[AVAILABLE RECORDS Boundary: Start]

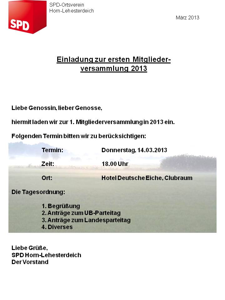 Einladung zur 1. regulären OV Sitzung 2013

[AVAILABLE RECORDS Boundary: End]
[AVAILABLE RECORDS Boundary: Start]

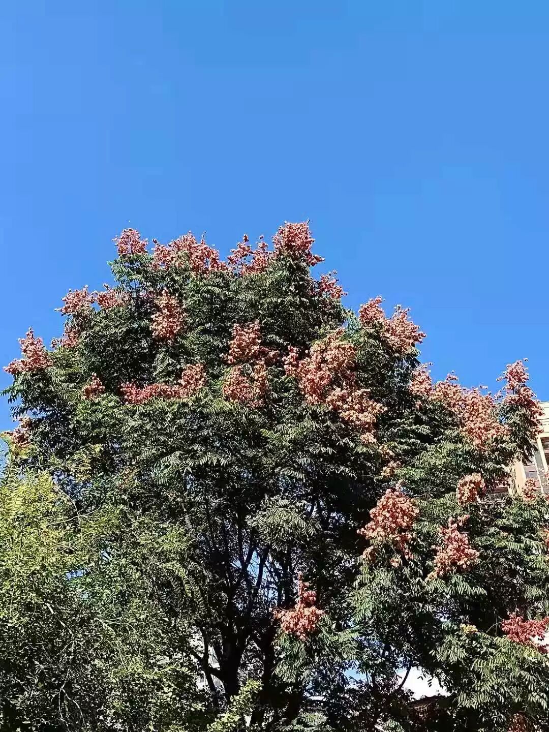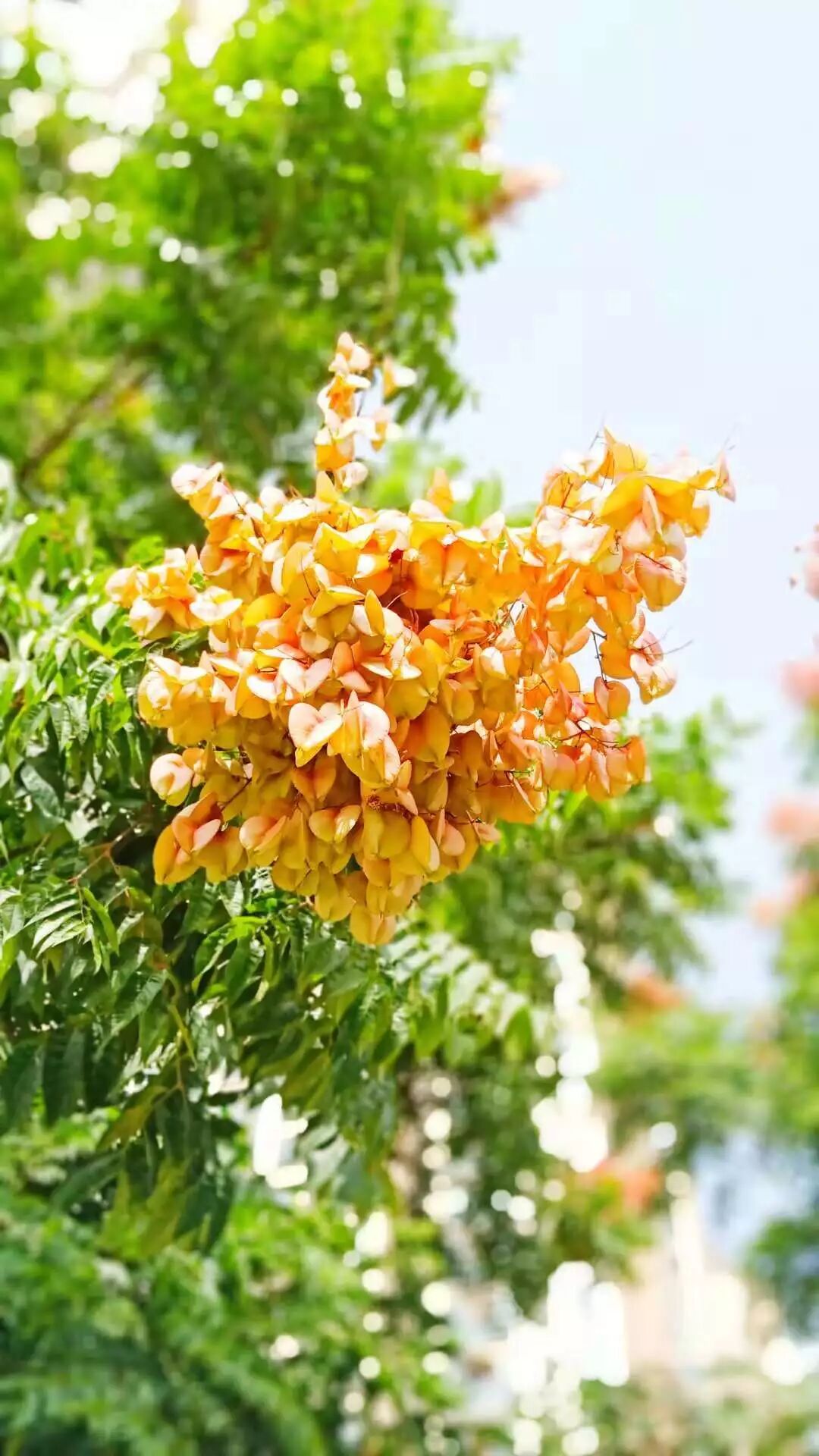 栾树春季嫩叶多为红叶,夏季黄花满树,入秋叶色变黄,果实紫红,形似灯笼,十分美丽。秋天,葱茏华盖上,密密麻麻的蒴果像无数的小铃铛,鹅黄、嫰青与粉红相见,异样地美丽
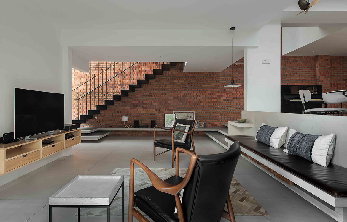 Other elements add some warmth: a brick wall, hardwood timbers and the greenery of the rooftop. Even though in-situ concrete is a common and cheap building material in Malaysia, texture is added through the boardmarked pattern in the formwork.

[AVAILABLE RECORDS Boundary: End]

Having found the line with "栾树春季嫩叶多为红叶,夏季黄" and the line with "Other elements add" in the material above, write out exactly those two and every line between, leaving the pictures out.

COMPLETED TASK:
 栾树春季嫩叶多为红叶,夏季黄花满树,入秋叶色变黄,果实紫红,形似灯笼,十分美丽。秋天,葱茏华盖上,密密麻麻的蒴果像无数的小铃铛,鹅黄、嫰青与粉红相见,异样地美丽
 Other elements add some warmth: a brick wall, hardwood timbers and the greenery of the rooftop. Even though in-situ concrete is a common and cheap building material in Malaysia, texture is added through the boardmarked pattern in the formwork.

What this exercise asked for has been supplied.